Junmai • Pure Rice Sake
Yamahai • Traditional yeast starter method
Muroka • No charcoal filtration
Nama • Unpasteurised
Genshu • Undiluted
Nigori • Cloudy
Polish rate: 70%
The rice for this sake is grown organically by Oku-san himself (look out for the logo that looks like a house) and has been made at the brewery for the last 25 years. The Mizore Moyo is unique as it is produced by reserving 1/3rd of the Moromi (fermenting liquid) which is then mixed back into the already pressed liquid. This results in a sake with a large amount of very fine sediment and often produces a little gas on opening.
What you can expect:
A fresh ferment character with melon fruit, pear, fennel and a great lingering acidity. The sake is alive and has been fermenting in the bottle, so keep it chilled and open slowly (it is lightly fizzy).
About Akishika Shuzo | Nose, Osaka Prefecture
Akishika Shuzo was founded in the town of Nose (No-say) in Osaka prefecture in 1886. When Hiroaki Oku took over his family brewery in 2009, he set a new production target: He wanted to slash it by 75 percent. Each year he gets closer to that goal, and Akishika sakes get rarer. His reasoning: he wants to use only the very best rice, and to be at the helm for every step of the process. He’s aiming for what he calls “ikkan-zukuri”, meaning production from seedling to sake.
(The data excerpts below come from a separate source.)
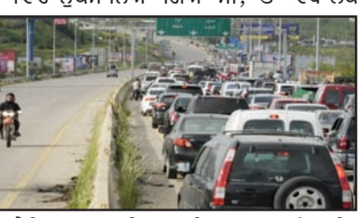
ਜੰਗਬੰਦੀ ਲਾਗੂ ਹੋ ਗਈ ਹੈ, ਪਰ ਲਿਬਨਾਨੀ ਅਧਿਕਾਰੀਆਂ ਨੇ ਲੋਕਾਂ ਨੂੰ ਤੁਰੰਤ ਖ਼ਤਰਨਾਕ ਖੇਤਰਾਂ ਵਿੱਚ ਨਾ ਜਾਣ ਦੀ ਸਲਾਹ ਦਿੱਤੀ ਹੈ। ਜੰਗ ਦੇ ਮੈਦਾਨ ਬਣੇ ਦੱਖਣੀ ਪਿੰਡਾਂ ਵਿੱਚ ਜਦੋਂ ਲੋਕ ਪਹੁੰਚੇ ਤਾਂ ਉਥੇ ਸਿਰਫ਼ ਮਲਬੇ ਦੇ ਢੇਰ ਤੋਂ ਸਜ਼ੀਆਂ ਹੋਈਆਂ ਗੱਡੀਆਂ ਹੀ ਨਜ਼ਰ ਆਈਆਂ।

ਬੋਰੂਟ/ਵਾਸ਼ਿੰਗਟਨ, 18 ਅਪ੍ਰੈਲ (ਚ.ਨ.ਸ): ਵਿਚੋਲਗੀ ਤੋਂ ਬਾਅਦ ਜੰਗਬੰਦੀ ਲਾਗੂ ਕਰਕੇ ਲਿਟਾਨੀ ਨਦੀ 'ਤੇ ਬਣੇ ਕਾਸਮੀਏ ਪੁਲ, ਜੋ ਕਿ ਇਜ਼ਰਾਈਲੀ ਹਵਾਈ ਹਮਲੇ ਵਿੱਚ ਨੁਕਸਾਨਿਆ ਗਿਆ ਸੀ, 'ਤੇ ਹਿਜ਼ਬੁੱਲਾ ਦੇ ਝੰਡੇ ਲਹਿਰਾ ਕੇ ਅਪਣੀ ਖੁਸ਼ੀ ਦਾ ਇਜ਼ਹਾਰ ਕੀਤਾ। ਇਸ ਜੰਗ ਕਾਰਨ ਲਿਬਨਾਨ ਵਿੱਚ 10 ਲੱਖ ਤੋਂ ਵੱਧ ਲੋਕ ਬੇਘਰ ਹੋ ਚੁੱਕੇ ਹਨ। ਭਾਵੇਂ ਜੰਗਬੰਦੀ ਲਾਗੂ ਹੋ ਗਈ ਹੈ, ਪਰ ਲਿਬਨਾਨੀ ਅਧਿਕਾਰੀਆਂ ਨੇ ਲੋਕਾਂ ਨੂੰ ਤੁਰੰਤ ਖ਼ਤਰਨਾਕ ਖੇਤਰਾਂ ਵਿੱਚ ਨਾ ਜਾਣ ਦੀ ਸਲਾਹ ਦਿੱਤੀ ਹੈ। ਜੰਗ ਦੇ ਮੈਦਾਨ ਬਣੇ ਦੱਖਣੀ ਪਿੰਡਾਂ ਵਿੱਚ ਜਦੋਂ ਲੋਕ ਪਹੁੰਚੇ ਤਾਂ ਉਥੇ ਸਿਰਫ਼ ਮਲਬੇ ਦੇ ਢੇਰ ਤੋਂ ਸਜ਼ੀਆਂ ਹੋਈਆਂ ਗੱਡੀਆਂ ਹੀ ਨਜ਼ਰ ਆਈਆਂ। ਇਲਾਕਿਆਂ ਵਿੱਚ ਬਹੁ-ਮੰਜ਼ਿਲਾ ਇਮਾਰਤਾਂ ਢਹਿ-ਢੇਰੀ ਹੋ ਚੁੱਕੀਆਂ ਹਨ। ਸਥਾਨਕ ਨਿਵਾਸੀਆਂ ਅਨੁਸਾਰ, ਇਜ਼ਰਾਈਲ ਨੇ ਪਿਛਲੇ ਛੇ ਹਫ਼ਤਿਆਂ ਵਿੱਚ ਸਿਰਫ਼ ਇੱਕ ਮੁਹੱਲੇ 'ਤੇ 62 ਵਾਰ ਹਮਲੇ ਕੀਤੇ ਸਨ।
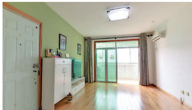
▲鵬興花園一期提供1343個單位，間隔實用。

屋苑距離地鐵2號線仙湖路站僅130米，蓮塘站約700米，交通十分方便，並配備大型超市，各種體育活動場所。5公里範圍內有新亞洲購物廣場、聚寶商業中心；超市有佳宜生活超市、千色百貨。教育方面，有鵬興實驗小學、羅湖外語學校；並有銀行、郵電所、醫院等生活設施。
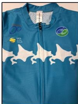
個人総合ポイント賞
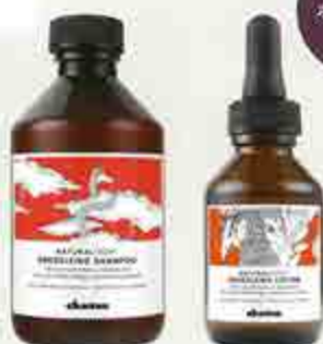
左から ナチュラルテックシャンプー<E> 250mL 2,200円 ナチュラルテック スカルブローション<E> 100mL 8,600円
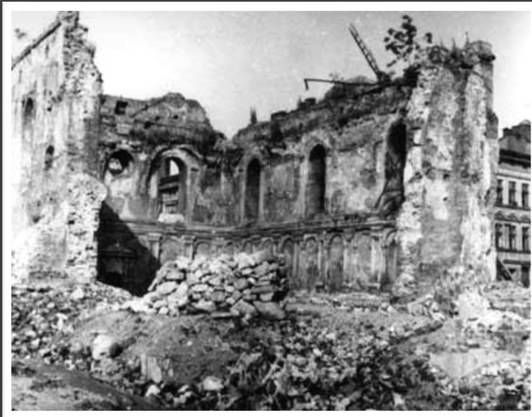
הריסות בית כנסת בפשמישל, פולין

הנאצים, שהיו מודעים לעובדה כי בתי הכנסת שימשו כעמודי התווך של הקהילות היהודיות, ראו אותם כבעלי השפעה הרסנית ומזיקה על התרבות הגרמנית. מבחינתם, סילוק מרכיב חיוני זה של הקהילה היה צעד חשוב לקראת הריסתה.
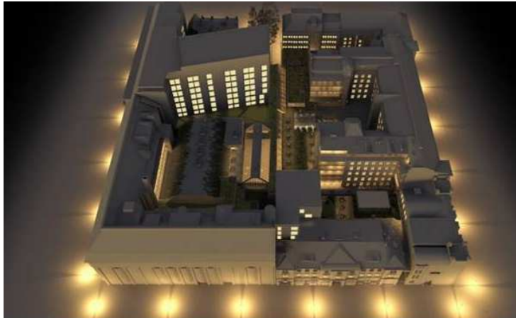
HAVAINNEKUVA SCHAUMAN ARKKITEHDIT OY
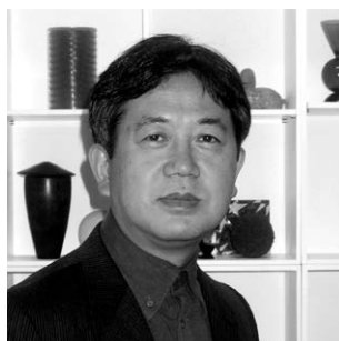
矢萩 喜従郎 Yahagi Kijuro 日本 / Japan
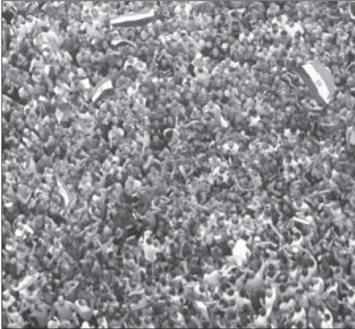
مصريون في ميدان التحرير رفضاً للأحكام القضائية المخففة بحق مبارك وابنيه وأعاونهم

لم تلد الثورة المصرية بعد، وإن وُلدت فليس من أباتها الشرعيين أو من الذين بدأوها وصاروا في كواليس النسيان. الثورة المصرية تتقاذفها في الداخل ثلاثة قوى: «الإسلاميون الجدد»، والمجلس العسكري، وبقايا النظام، وتتنافس قوى على نتائج الثورة ووراثة النظام الذي لم يسقط، فقد سقط مبارك كشخص، لكن منظومة النظام وأذرعه ما زالت تمسك بالخنق المصري.
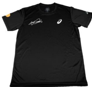
リーチマイケル選手 サイン入り トレーニングウェア
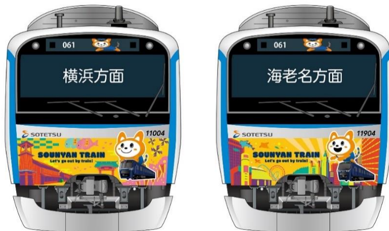
「11代目そうにゃんトレイン」車両の前面のラッピング 横浜方面（左）、海老名方面（右）（イメージ）
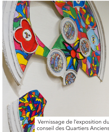
Vernissage de l'exposition du conseil des Quartiers Anciens
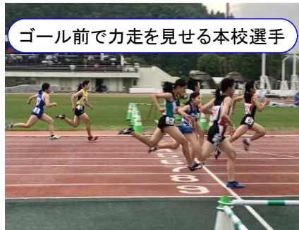
ゴール前で力走を見せる本校選手

6月24日(金)には県大会に出場する選手の激 励会を開催し、全校生徒で気持ちを込めた応援を 繰り広げました。選手の皆さんには、いわき市の代表 として更なる高みを目指してほしいと思います。また、 県大会への出場はかなわなかったものの力の限りを 尽くして競技した選手の頑張り心に心から拍手を送りま す。さらに、子供たちを様々な面から支えていただい た保護者の皆さんに厚く感謝申し上げます。多感な 中学生の時期に、同じ部に集い、多くの時間を共に して得ることができた様々な経験は、生涯の宝となる ことでしょう。

Oku-san grows organic rice on 22 hectares of local land without the use of herbicide, pesticides and agricultural chemicals. He makes his own fertiliser by fermenting the byproducts of rice growing and sake brewing. He won’t use manure, he says, because you can’t be sure what the animals ate. The focus on organic isn’t just about health. When you avoid the nitrogen-based fertilisers you can grow a better, leaner grain, free of the impurities that can ruin a sake. The care put into the cultivation of rice shows in the sake, which are unfiltered to retain as much of the purity and umami of the rice as possible.
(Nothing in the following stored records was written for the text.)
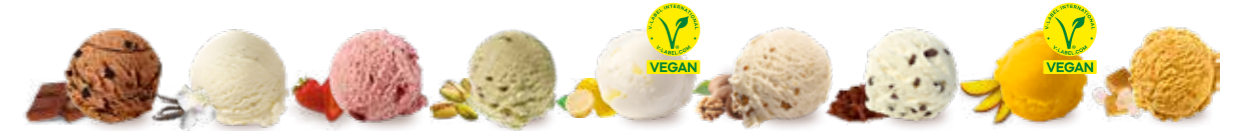
1. Schokolade · 2. Bourbon-Vanille/Bourbon-Vanille vegan · 3. Erdbeere/Sorbet Erdbeere · 4. Pistazie · 5. Sorbet Zitrone · 6. Walnuss · 7. Stracciatella · 8. Sorbet Mango · 9. Salted Caramel / Saisonvariante Herbst/Winter: Zimt
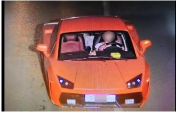
長腿辣妹買超跑「只要6萬8」！警攔下後一聽是「蘭基…
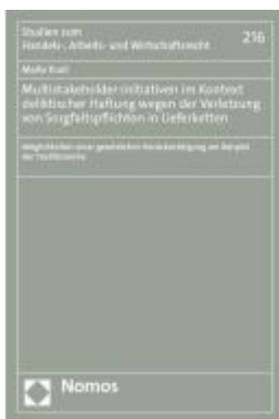
Multistakeholder-Initiativen im Kontext deliktischer Haftung wegen der Verletzung von Sorgfaltspflichten in Lieferketten Ladenpreis: 96,70EUR
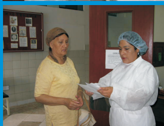
REVISIÓN DE RECETAS
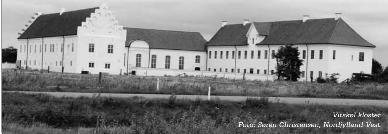
Vitskøl kloster.
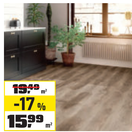
LAMINÁTOVÁ PODLAHA DUB „LUCCA“ 18 × 122 cm, hrúbka 3,5 + 1 mm, s kročajovou izoláciou. Obsah balenia 2,635 m 2 . OBI č. 1670215
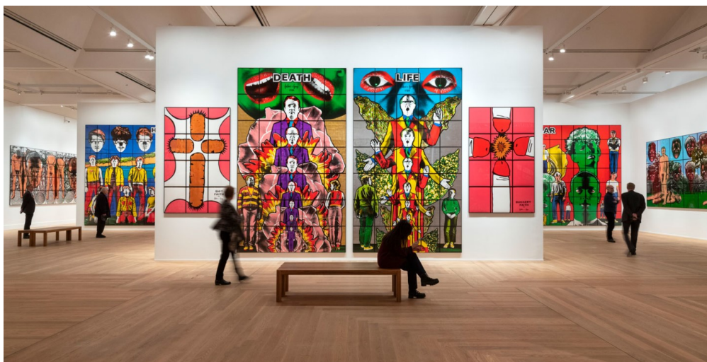
Installationsbild ”Gilbert & George: The Great Exhibition” Moderna Museet 2019.

demokratisk, generös och extravagant som dess skapare. Gilbert & George förespråkar ”konst för alla”.
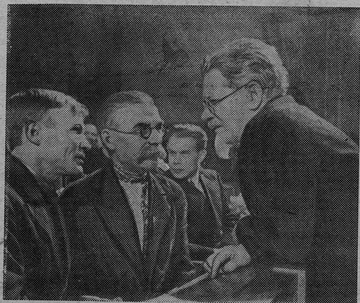
МОСКВА. IV сессия ВЦИК XVI созыва. НА СНИМКЕ: тов. М. И. Калинин перед началом заседания беседует с группой членов ВЦИК.

Самым трудным для молодой Советской республики был 1919 год. Страна пылала в огне гражданской войны. Свиристывали голод, разруха. В этих условиях исключительно важное значение приобретало упро-
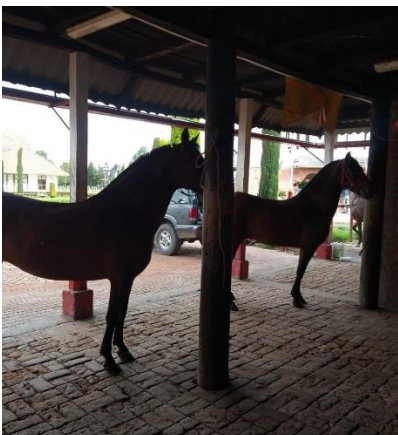
Imagen 24. Animales en observación posterior a la aplicación de la vacuna. (Córdoba, 2024)
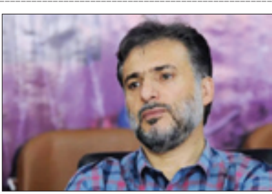
سیدجواد هاشمی خبر داد

وزیر فرهنگ و ارشاد اسلامی از تمدید زمان بیست‌وپه‌مین نمایشگاه رسانه‌های ایران خبر داد. محمد مهدی اسماعیلی در حاشیه جلسه هیئت دولت با اعلام خبر تمدید «نمایشگاه رسانه‌های ایران» عنوان کرد: با همکاری دوستان در بخش‌های مختلف از جمله وزارت کشور، زمان برگزاری نمایشگاه «رسانه‌های ایران» به دلیل استقبال درخورتوجه مردم و اصحاب رسانه تا بعدازظهر امروز پنج‌شنبه (۳ اسفندماه) تمدید شد.

He has also invested in a milling machine. You don’t often see them in breweries of this size because they’re enormous beasts, they cost about the same as a Lamborghini Huracan, and it’s easy to outsource the milling. But it’s a price you pay if you want to be ikkan-zukuri.
Oko-san's sakes typically have layers upon layers of flavour and a moreish streak of acidity. Some are held back to develop for years until he believes they’re in perfect drinking condition. Sake from Akishika Shuzo have a cult status in Japan, so when Akishika does release sake, they sell out exceptionally quickly. We are lucky to get our hands on a few bottles.